Когда она хотела, то умела быть такой ласковой и задушевной, что Петр обмякал и таял.

— Вот что, Фрося, — начал он, — скажу я тебе про одно дело. Лося-то… знаешь, что на болотине нашли… ведь его я убил.

— Батюшки! — охнула Фроська. — Петрунька! Да как же это ты?! — От жалости к нему и любопытства она выронила веретено и не нагнулась, чтобы поднять его.

— Да и сам не знаю, как… И не думал я его убивать… А как он стал уходить, ну не могу отпустить — и все! Удержать мне его хотелось… Уж так мне жалко его было, так жалко!

— Жалко? — Фроська морщила лоб от усилия понять состояние Петра и представить, как все случилось.

— У-ух!.. Чуть не взревел! Красивый, понимаешь, был! Ноги, как струночка, сам могучий, голову кверху держал, а рога по спине, по спине расстилаются. Ух!.. — Оттого, что Петр вспомнил всю невозможную красоту зверя, нелепость случайного выстрела стала еще острее и мучительнее. — Ну, как с таким делом пойдешь в комсомол? — заключил он. — Я уже думал рассказать. Ну судить будут, ну оштрафуют, хоть мучиться перестану… Ты что скажешь?

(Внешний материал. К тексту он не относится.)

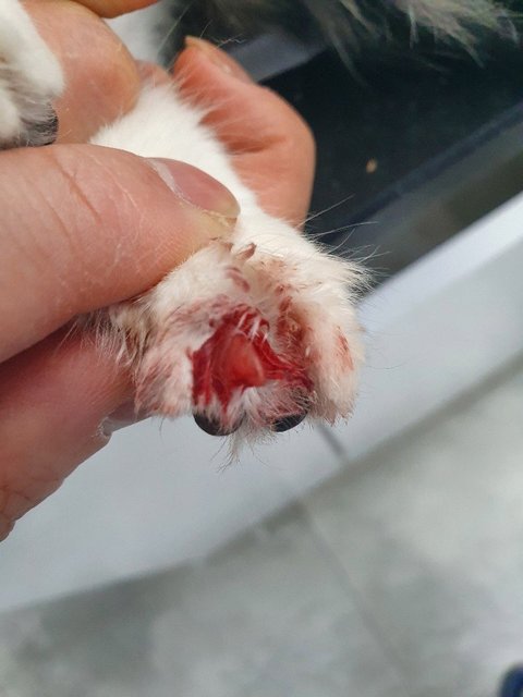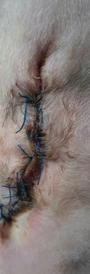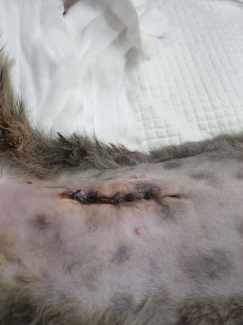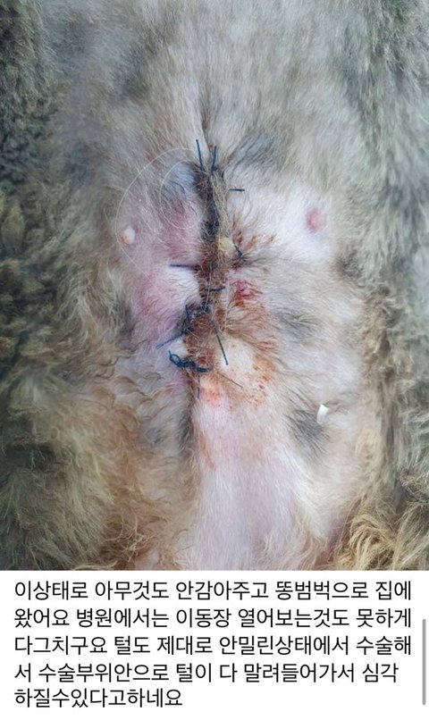 수술이 끝난 후 약 8시간 후 고양이는 쇼크 및 혼수상태에 빠져 응급실에 내원했습니다. 그 곳의 원장님들은 고양이의 수술부위를 보고 경악하셨고 빠른 응급처치로 고양이를 살릴 수 있었습니다. 삭모상태 불량으로 인해 피모가 수술부위 안으로 말려들어가 심각한 염증을 유발할 수 있는 상태였고 수술 후 처치 불량으로 인해 염증으로인한 재수술이 불가피한 상황이라고 판단하셨습니다.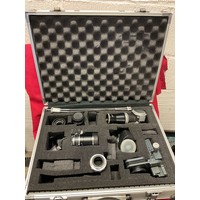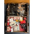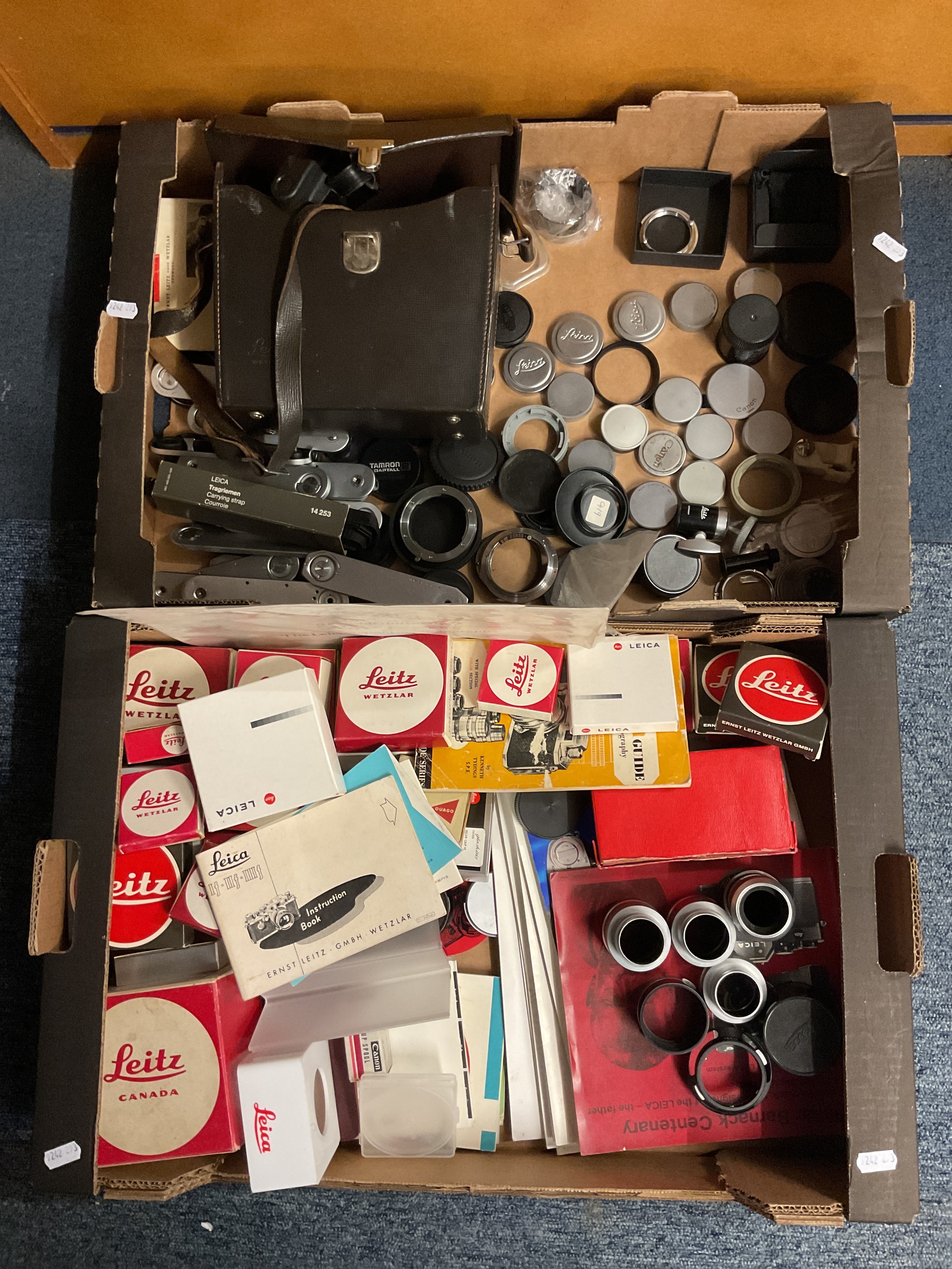 A large selection of Leica and Canon accessories to include empty Leitz boxes, lens caps, base plate, lens adaptor, Leitz ball and socket tripod head, booklets etc in two boxes

Она, не отрываясь, смотрела на него и быстро прикидывала в уме, что будет лучше для него и что было бы лучше для нее самой на его месте. Прикинув, она заговорила со свойственной ей решимостью:

— А ясно, рассказать! Присудить тебя не присудят, тем более что ты сам повинишься и все объяснишь, как было дело. А штраф на тебя наложат! Ну и что же? Выплатим! Ведь это же себе дороже — ходить да думать! Этакую тягу в себе носить! Шут с ним, со штрафом! Зато сразу гора с плеч! Авторитет свой ты не уронишь, поскольку сам повинишься. Напротив того, еще больше к тебе веры будет. Относительно штрафа — ну, в крайности, шифоньер мой продадим, машинку тоже можно продать. Уж выручу я тебя, чтоб об этом тебе не думать!

Ей было от души жалко Петра. Как она привязалась к нему, она и сама не заметила. Она скучала, когда долго не видела его, делилась с ним всеми своими мыслями, но только сейчас, узнав, что над ним нависла беда, она сразу поняла, как он близок ей. Он уже был «свой», и, раз увидев это, она не закрывала на это глаза. Она придвинулась к нему:

— Обойдется, Петруня! Все скажи, легче будет.

Петр повеселел оттого, что Фроська так хорошо поняла его и так верно посоветовала ему то, что он сам хотел, да не решался сделать. В одиночку он никак не мог набраться духу, а рядом с Фроськой все показалось ему гораздо проще. У Евфросиньи было удивительное качество: для нее все беды и неприятности были «трын-трава» и стекали с нее, как с гуся вода. Она умела смеяться при любых обстоятельствах, а рядом с ней и другим неприятности и тяготы казались легче.

Оттого, что она приняла его беду как свою и сразу как о чем-то, само по себе разумеющемся, заговорила о продаже своих вещей для уплаты штрафа, он почувствовал благодарность к ней, и надежда взволновала его: «Любит — не любит? Пойдет за меня — не пойдет? Нет, не любит! Озорует, и все! И что это за девка, было б ей неладно! Ведь в ней и не разберешься никак!»

Долго они сидели рядом, обсуждая все подробности его признания.

А перед тем как идти домой, Петр набрался духу и выговорил те слова, которые он тоже давно мысленно повторял:

— Когда же мы с тобой поженимся-то, Фросюшка? Все одно ведь к этому придем, так чего тянуть?

Она посмотрела на него спокойным, суровым взглядом зрелой женщины:

— Ну что ж… Хоть к Новому году и поженимся.

И впервые после давнего вечера в предбаннике Петр обнял ее тугие плечи.